Google on Monday, February 6 unveiled it AI-powered chatbot Bard that will provide stiff competition to OpenAI’s ChatGPT, with the company averring that it would become “more widely available to the public in the coming weeks.”
It now appears the bot may have some challenges, as it has Bard has been adjudged by experts to have made a factual error in its very first demo.
Google had shared a GIF where Bard answered the query: “What new discoveries from the James Webb Space Telescope can I tell my 9-year-old about?”
Bard in its response offered three bullet points, which included the one stating that the telescope “took the very first pictures of a planet outside of our own solar system.”
The answer by Bard was incorrect with a number of astronomers pointing out that the first image of an exoplanet was taken in 2004, a claim corroborated on NASA’s website.
Grant Tremblay, an astrophysicist, reacting to Bard’s blunder had tweeted:
“Not to be a ~well, actually~ jerk, and I’m sure Bard will be impressive, but for the record: JWST did not take ‘the very first image of a planet outside our solar system.’”
The director of University of California Observatories at UC Santa Cruz, Bruce Macintosh, while also pointing out the error tweeted:
“Speaking as someone who imaged an exoplanet 14 years before JWST was launched, it feels like you should find a better example?”
Not to be a ~well, actually~ jerk, and I’m sure Bard will be impressive, but for the record: JWST did not take “the very first image of a planet outside our solar system”.
Bard’s very first answer contained a factual flub. Image: Google
Tremblay in a follow-up tweet wrote: “I do love and appreciate that one of the most powerful companies on the planet is using a JWST search to advertise their LLM. Awesome! But ChatGPT etc., while spooky impressive, are often *very confidently* wrong. Will be interesting to see a future where LLMs self error check.”
In the wake of the incorrect information by Bard, Google parent company, Alphabet had its Shares drop by nearly eight percent, with the company instantly losing $100 billion in market value.
As aptly noted by Tremblay, the major impediment of AI chatbots like ChatGPT and Bard is their possible propensity to state incorrect information as fact, with the systems frequently making up information itself as they are basically auto-complete systems.
The chatbots were thus trained on huge corpora of text and pattern analysers that determine the word that follows the next in a given sentence instead of querying a database of proven facts to answer questions.

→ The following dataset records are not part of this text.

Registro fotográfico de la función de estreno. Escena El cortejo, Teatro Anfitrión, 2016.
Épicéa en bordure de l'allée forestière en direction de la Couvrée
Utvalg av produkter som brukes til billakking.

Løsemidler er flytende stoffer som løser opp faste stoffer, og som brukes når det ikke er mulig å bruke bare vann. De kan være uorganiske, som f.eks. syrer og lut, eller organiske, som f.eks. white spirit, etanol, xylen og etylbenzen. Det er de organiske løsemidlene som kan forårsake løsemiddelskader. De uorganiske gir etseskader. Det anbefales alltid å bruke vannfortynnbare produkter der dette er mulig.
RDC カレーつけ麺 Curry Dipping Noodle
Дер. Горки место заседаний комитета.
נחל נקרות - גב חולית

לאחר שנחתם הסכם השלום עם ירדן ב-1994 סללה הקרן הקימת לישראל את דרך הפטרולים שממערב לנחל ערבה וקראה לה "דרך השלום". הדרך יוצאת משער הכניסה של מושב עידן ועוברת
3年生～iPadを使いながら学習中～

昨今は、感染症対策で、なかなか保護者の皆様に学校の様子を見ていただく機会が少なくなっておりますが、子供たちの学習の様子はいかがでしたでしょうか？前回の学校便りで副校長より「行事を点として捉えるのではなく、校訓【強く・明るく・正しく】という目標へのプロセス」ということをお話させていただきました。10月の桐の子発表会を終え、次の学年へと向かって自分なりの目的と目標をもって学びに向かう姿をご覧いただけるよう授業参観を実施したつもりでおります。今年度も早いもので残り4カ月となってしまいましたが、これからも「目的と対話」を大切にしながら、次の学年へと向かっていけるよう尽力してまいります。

It may therefore connote that they are probabilistic, not deterministic, that its deals on probable answers and not factual answers.
Microsoft, while showing the demo for its AI-powered Bing search engine tried albeit unsuccessfully to pre-empt these issues by placing liability on the user.

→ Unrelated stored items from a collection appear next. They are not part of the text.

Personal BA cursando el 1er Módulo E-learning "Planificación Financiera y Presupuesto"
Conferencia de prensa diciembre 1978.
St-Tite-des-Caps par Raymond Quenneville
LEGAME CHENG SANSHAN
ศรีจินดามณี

A disclaimer by the company reads thus: “Bing is powered by AI, so surprises and mistakes are possible. “Make sure to check the facts and share feedback so we can learn and improve!”
But then why do we have to check the facts all the time when we are availed with an artificial intelligence tech product offering that was said to provide basic answers to queries, majority of users asked.
Google spokesperson, Jane Park, in a statement to The Verge said: “This highlights the importance of a rigorous testing process, something that we’re kicking off this week with our Trusted Tester program. We’ll combine external feedback with our own internal testing to make sure Bard’s responses meet a high bar for quality, safety and groundedness in real-world information.”